The effectiveness of sulphapyridine, particularly against pneumonia, attracted considerable newspaper attention and M&B 693 quickly became a household name around the world. At the end of 1938 a license was granted for Merck to manufacture and distribute sulphapyridine in the USA. Patents for sulphapyridine were issued in the UK in 1939 and the US in 1941 with Ewins and Phillips named as co-inventors. Ewins and Phillips were recommended for a Nobel Prize by Calcutta University in 1942.

M&B 693 played an important role during World War II in many Allied countries. It was widely used, sometimes prophylactically and routinely issued to military personnel as tablets. Sulphapyridine was also found to be effective as a topical antimicrobial in powdered form. M&B 693 was famously used to treat Winston Churchill for pneumonia on two occasions. Churchill expressed his thanks to Phillips with a signed photograph.

By 1943 sulphapyridine was estimated to be saving 25,000 civilian lives per year in the USA and a similar number of lives in the UK. A 2009 study by the National Bureau of Economic Research concluded that between 1937 and 1943 sulpha drugs reduced the mortality rate in the US by 2 to 4 percent and increased life expectancy by 0.4 to 0.8 years. During this period, sulphapyridine was responsible for the majority of this trend.

The development of other sulpha drugs and the mass production of penicillin after World War II led to a decline in the use of sulphapyridine. However, it remained in use in the US for treating people with Duhring's disease until 1990. As of 2025, sulphapyridine is still used in the UK in veterinary medicine for the treatment of mastitis in cattle.

== Later life ==
Phillips left May & Baker in 1947 after 20 years service and having attained the position of assistant chief chemist. He took with him the original T693 sample bottle and later donated it to the Wellcome Collection, London. Phillips worked as an independent chemical consultant until his death in 1972. He campaigned against excessive profit margins on pharmaceuticals.

Throughout his career Phillips published a large number of scientific papers relating to chemistry and chemical engineering. He was named on several patents, both while employed at May & Baker and later while acting as an independent consultant.

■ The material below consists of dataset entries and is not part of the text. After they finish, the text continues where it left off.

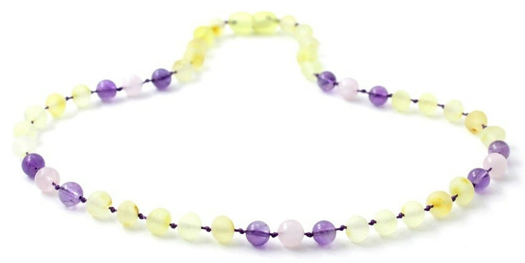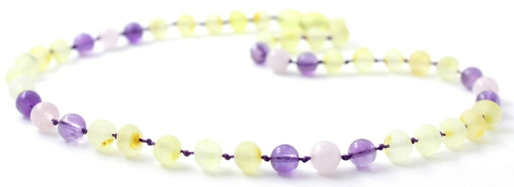 Smuk og fin halskæde til baby og børn som består af upoleret rav i lemon sammen med rose quartz & amethyst
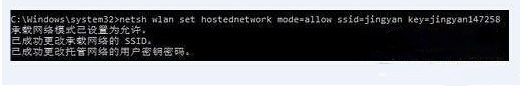 ?在彈出來的命令提示符中輸入:netsh wlan set hostednetwork mode=allow ssid(無線熱點名稱)=jingyan key(密碼)=jingyan147258,按回車確認。
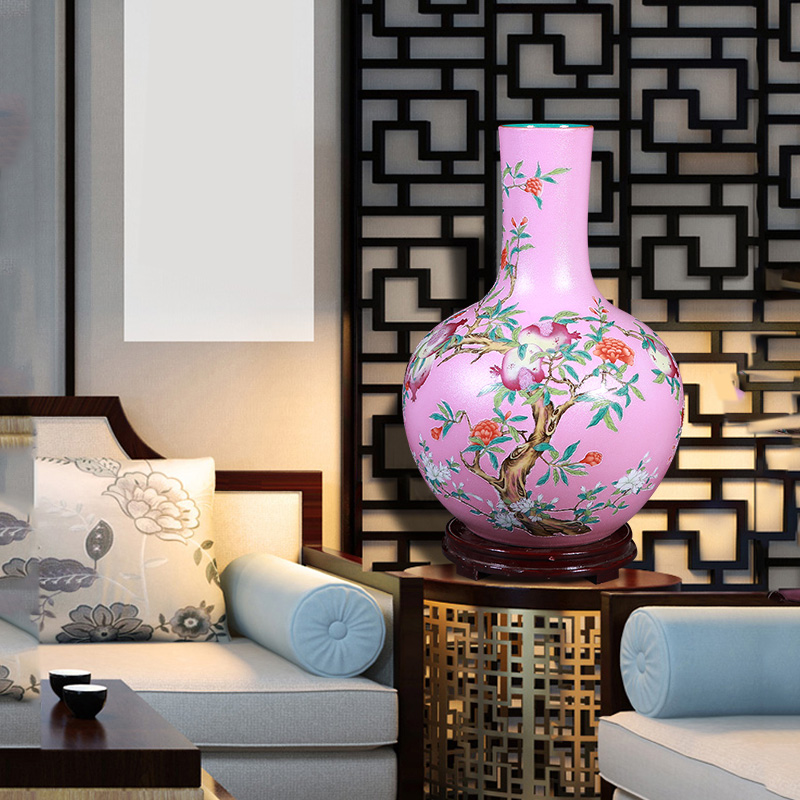 Jingdezhen large hand painted pink ceramic pastel flower vase home
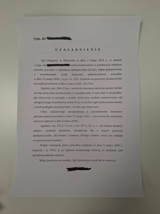 W sprawie przeciwko syndykowi Getin Noble Bank Sąd Apelacyjny odrzucił mi zażalenie w zaledwie… miesiąc. Jak to możliwe? Otóż gdy w grę wchodzi „spóźnienie” strony, maszyna rusza błyskawicznie.

Phillips served in the Air Raid Precautions reserve between 1939–45 and received the Civil Defence Medal. He was elected as a councillor in the Essex Administrative County in the 1950s and 1960s. During the same period he served as a Technical Reconnaissance Officer in the Civil Defence Corps. In that capacity, he was interviewed on ITN television news in April 1963 about the Spies for Peace revelations concerning RSG-6.

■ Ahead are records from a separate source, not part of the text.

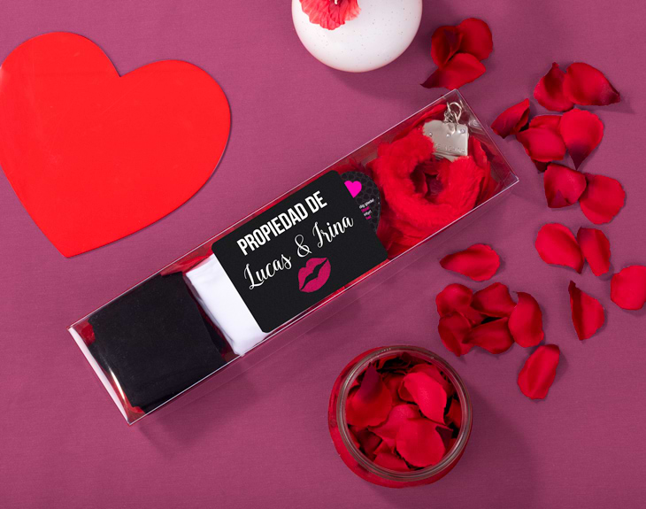• Braga o Tanga personalizada. • Calzoncillo personalizado. • Baraja de cartas kamasutra. • Esposas. • Pétalos sintéticos. • Caja personalizada. • Tarjeta recordatoria.
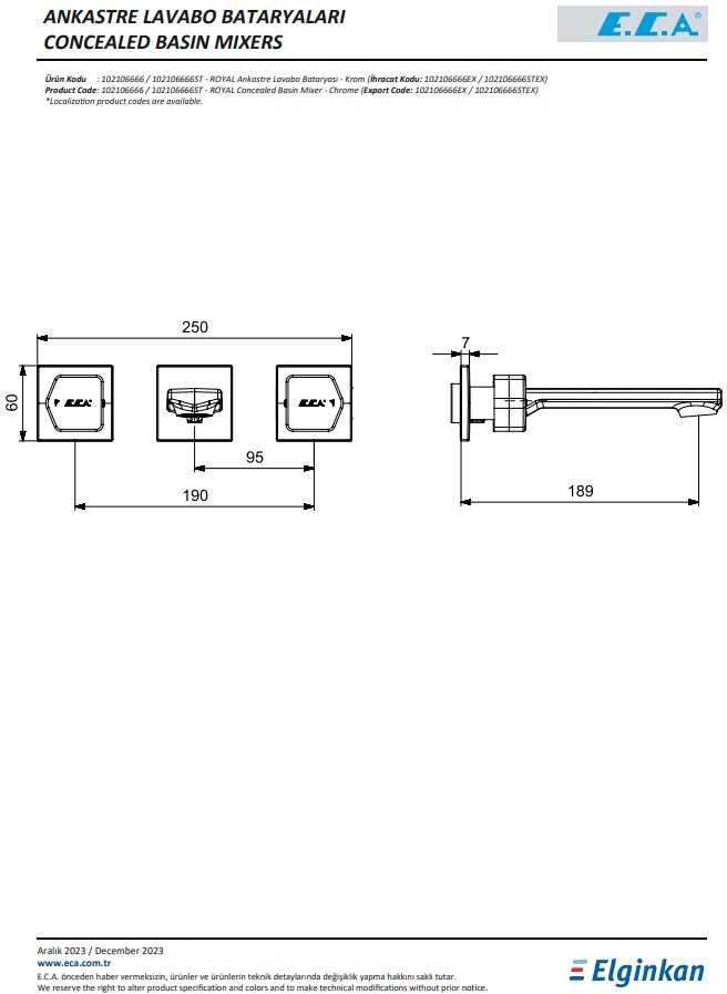 Çıkış ucu uzunluğu 190 mm'dir Kireç kırıcılı gizli perlatöre sahiptir Sıva altı grubu ve sıva üstü grubu birlikte verilmektedir Plastik muhafazalı sıva altı gövde Plastik ve galvaniz boruya uygun bağlantı Mermer ve granit duvar kaplamasına uygun 37 mm ayar imkanı Tesisat bağlantıları G 1/2"
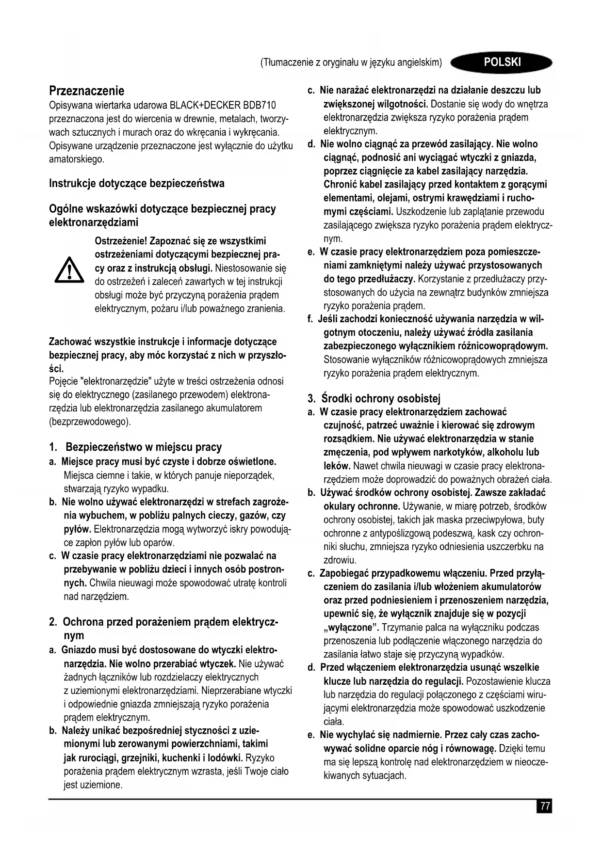a. W czasie pracy elektronarzędziem zachować czujność, patrzeć uważnie i kierować się zdrowym rozsądkiem. Nie używać elektronarzędzia w stanie zmęczenia, pod wpływem narkotyków, alkoholu lub leków. Nawet chwila nieuwagi w czasie pracy elektrona- rzędziem może doprowadzić do poważnych obrażeń ciała. b. Używać środków ochrony osobistej. Zawsze zakładać okulary ochronne. Używanie, w miarę potrzeb, środków ochrony osobistej, takich jak maska przeciwpyłowa, buty ochronne z antypoślizgową podeszwą, kask czy ochron- niki słuchu, zmniejsza ryzyko odniesienia uszczerbku na zdrowiu. c. Zapobiegać przypadkowemu włączeniu. Przed przyłą- czeniem do zasilania i/lub włożeniem akumulatorów oraz przed podniesieniem i przenoszeniem narzędzia, upewnić się, że wyłącznik znajduje się w pozycji „wyłączone”. Trzymanie palca na wyłączniku podczas przenoszenia lub podłączenie włączonego narzędzia do zasilania łatwo staje się przyczyną wypadków. d. Przed włączeniem elektronarzędzia usunąć wszelkie klucze lub narzędzia do regulacji. Pozostawienie klucza lub narzędzia do regulacji połączonego z częściami wiru- jącymi elektronarzędzia może spowodować uszkodzenie ciała. e. Nie wychylać się nadmiernie. Przez cały czas zacho- wywać solidne oparcie nóg i równowagę. Dzięki temu ma się lepszą kontrolę nad elektronarzędziem w nieocze- kiwanych sytuacjach. Przeznaczenie Opisywana wiertarka udarowa BLACK+DECKER BDB710 przeznaczona jest do wiercenia w drewnie, metalach, tworzy- wach sztucznych i murach oraz do wkręcania i wykręcania. Opisywane urządzenie przeznaczone jest wyłącznie do użytku amatorskiego. Instrukcje dotyczące bezpieczeństwa Ogólne wskazówki dotyczące bezpiecznej pracy elektronarzędziami
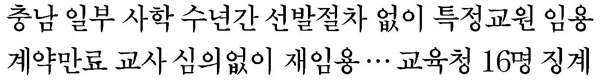 충남지역 일부 사학이 수년간 선발절차를 거치지 않고 특정 기간제교원을 임의 임용하는 등 부적정하게 교사들을 채용해 온 것으로 밝혀져 물의를 빚고 있다.

Phillips received some recognition for his role in the creation of sulphapyridine during his lifetime. However, his involvement was often minimised or entirely overlooked. He received no honours or awards for his work.

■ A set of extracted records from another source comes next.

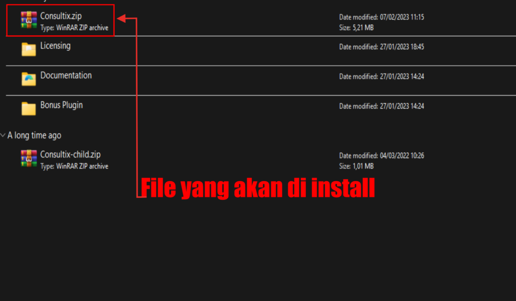 2.) Lalu setelah kita coba buka folder Exstractnya, maka kita akan melihat beberapa file dan folder di-dalamnya, namaun kita hanya menginstall file Consultix.zip. yang di tunjuk panah merah pada gambar 1 – 2 diatas,
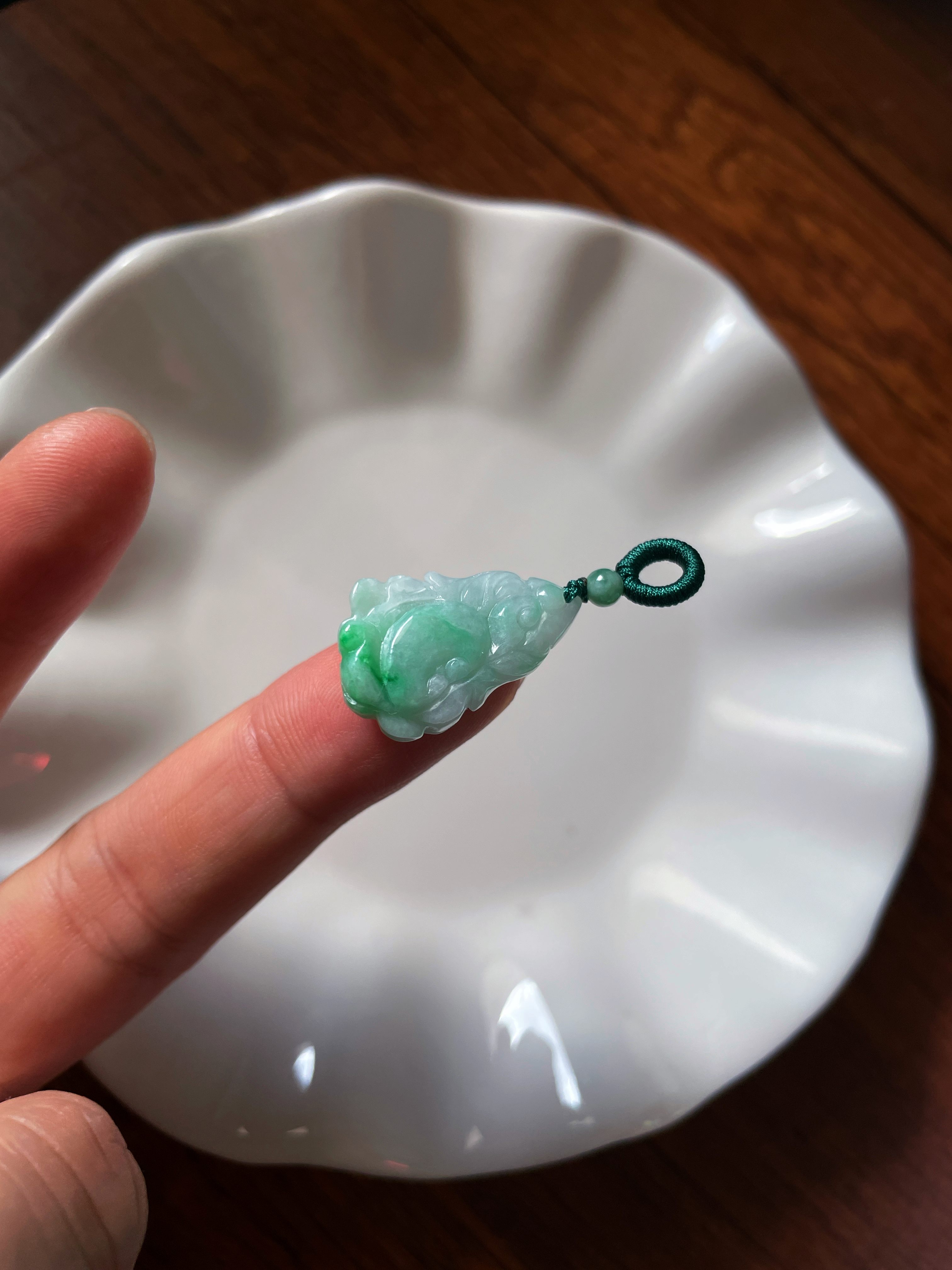 天然翡翠A货招财如意小白菜遇百生财锁骨链小吊坠包包车挂件玉坠
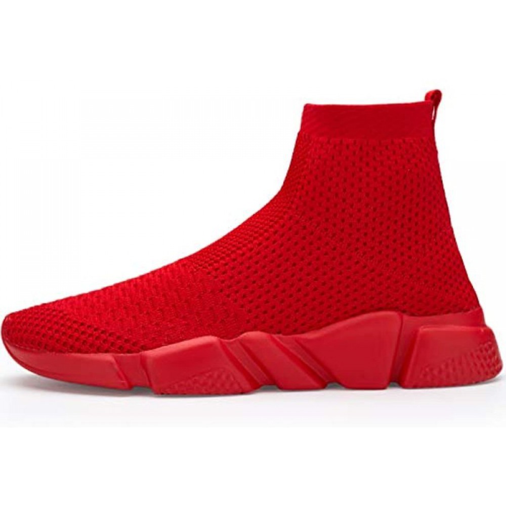 Men's Running Shoes Breathable Knit Slip On Sneakers Lightweight Athletic Shoes Casual Sports Shoes High Top All Red
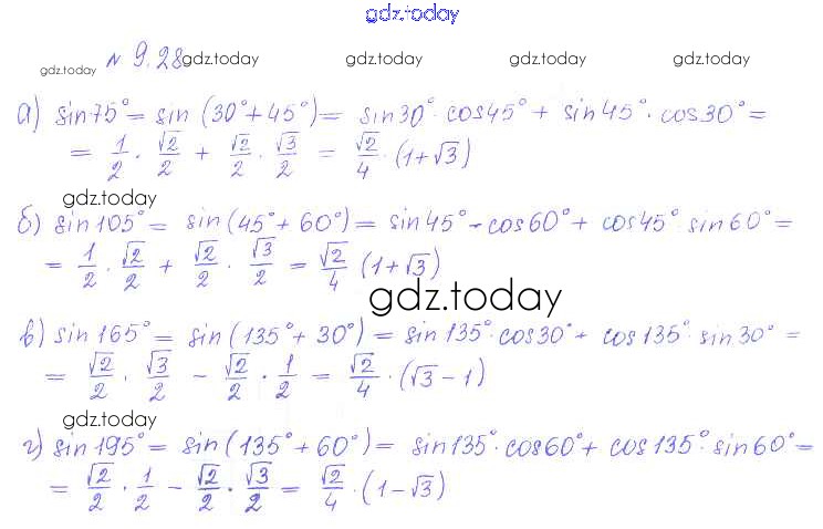 На страницах сайта gdz.today вы найдете учебный и вспомогательный материал, направленный на улучшения знаний школьной программы. ГДЗ - онлайн мир знаний §9. Формулы сложения Решение к главе 2. Тригонометрические формулы. Тригонометрические функции 28 Учебнику по Алгебре для 10 класса Никольский, Потапов Базовый и углубленный уровень Просвещение МГУ - школе 2015
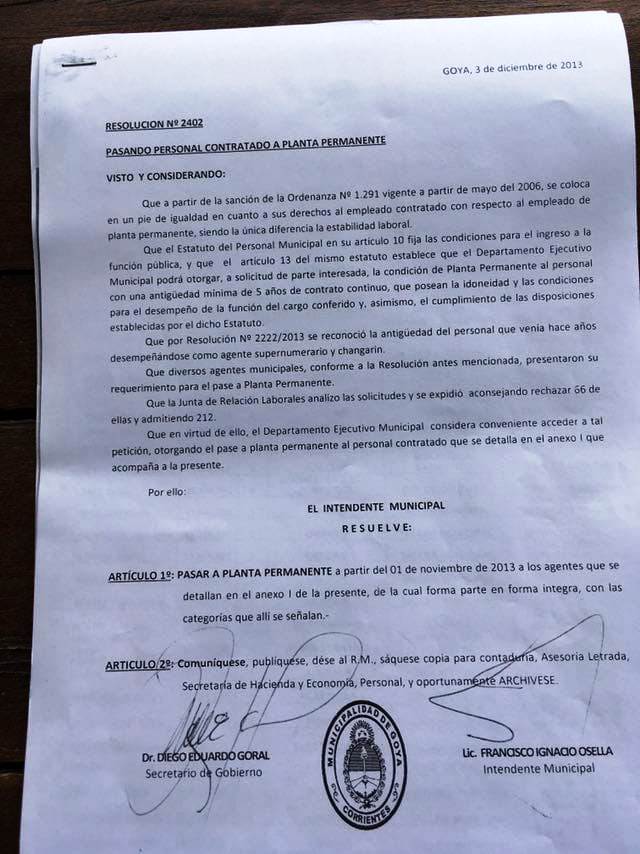 El concejal Pereira recordó que el intendente electo Ignacio Osella firmo el pase a planta permanente de 212 personas el 3 de diciembre 2013, 7 días antes de dejar la intendencia, donde además, a través de la resolución Nº 2.222 conocida en ese momento del 2x1, sin el aval correspondiente del HCD local, se abrió una puerta al pase a planta permanente a trabajadores que solo tenían 1 años de contrato, con 4 años de trabajo en negro en la municipalidad de Goya avalando algo que no existe ni existía en el estatuto municipal del empleado. A pesar de ello la resolución sigue vigente donde al día de hoy los 212 trabajadores que Osella paso a planta en el 2013 continúan en el municipio. (Lea resolución completa y fecha)

== Thalidomide whistleblower ==
In the 1960s Phillips was retained as a professional advisor by Kimber Bull & Co, the solicitors representing the families against Distillers during the thalidomide lawsuits. His wife had previously developed irreversible polyneuritis (nerve damage) from the use of thalidomide as a sleeping pill. During this period Phillips passed 10,000 Distillers documents that were obtained through legal discovery to The Sunday Times as part of their long-running investigation into the thalidomide scandal.